Türk insanı ve cam

Abone Ol


İzmir gibi, Türkiye'nin en modern şehri olduğunu iddia eden bir yerde bile bu cam kırıklarından geçilmiyor. Çünkü insanımız eğitimli gibi bile görünse, eline cam şişeyi aldı mı dayanamıyor, adeta kurşun sıkar gibi çevreye fırlatıyor. Emin olun, ertesi gün bu cam kendinin yada çocuğunun bir yerine batsa en sert tepkiyi de yine kendi veriyor. Bir gün önce o camı oraya kendisinin attığını unutarak.
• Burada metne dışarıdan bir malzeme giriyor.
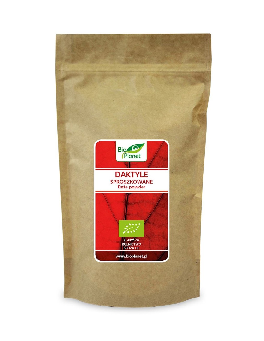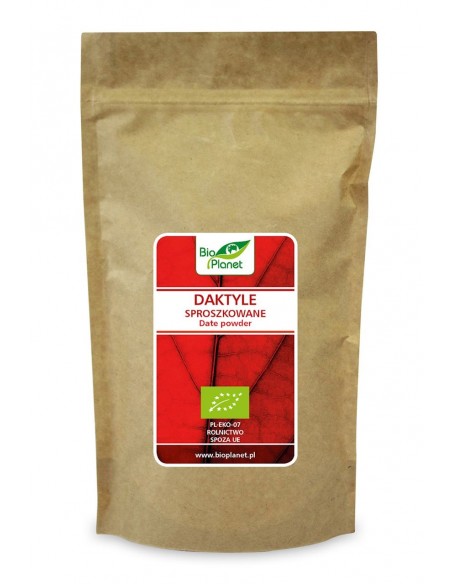 Ekologiczne daktyle w formie sproszkowanej charakteryzują się lekko słodkim smakiem z nutką toffi. Nadają słodyczy każdej potrawie, dzięki temu stanowią idealny dodatek do wypieków, deserów, jogurtów, musli, a także dań orientalnych. Nie rozpuszczają się w zimnych i ciepłych napojach.
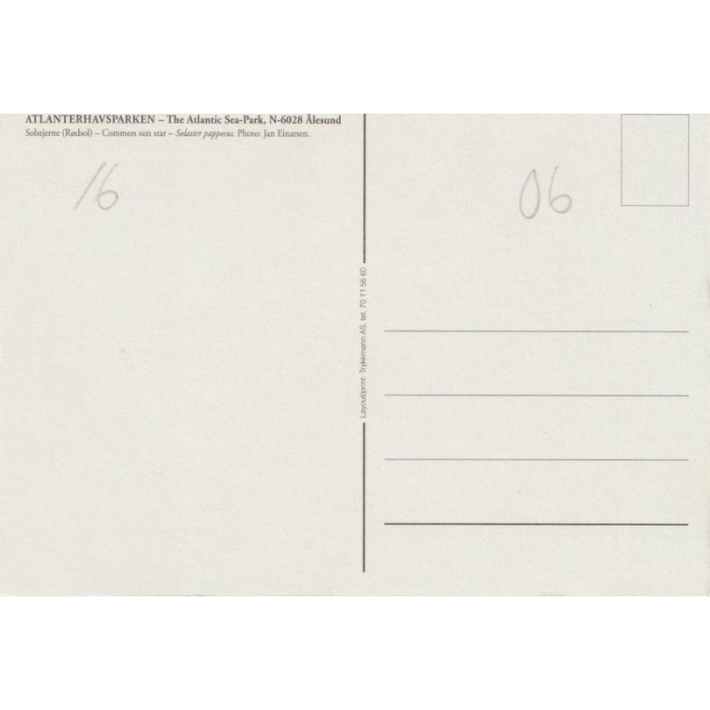 Atlanterhavsparken, The Atlantic Sea Park, Ålesund. Solstjerne (Rødsol), Common Sun Star. Photo Jan Einarsen. Ikke postgått, veldig god stand.

Bitsin artık bu şişe ve cam düşmanlığı. Çünkü kırılan her şişe yerine göre, çok değişik sonuçlara yol açıyor. Zaten çok az olan, ve Sık sık ortaya çıkan orman yangınlarının sebebinin bu olduğu düşünülüyor mesela. Üstelik, yürüdüğümüz, bisiklet bindiğimiz, oturup kalktığımız, çoluk çocuğumuzun oyun oynadığı alanlardaki cam kırıklarının yarattığı tehlike bir yana, bizim medeniyet seviyemizi de göstermeye yetiyor. Hepimiz için, daha yaşanılabilir bir dünya için, cam ve can kırıkları olmayan bir dünya için, şişeleri kırmayalım, kırdırmayalım.

Gözü kapalı yürüyebileceğimiz, bisiklet sürebileceğimiz, ormanları yanmayan, ayakları kesilmeyen insanların rahatça yaşadığı dünya için biraz daha dikkat, biraz daha saygı lütfen.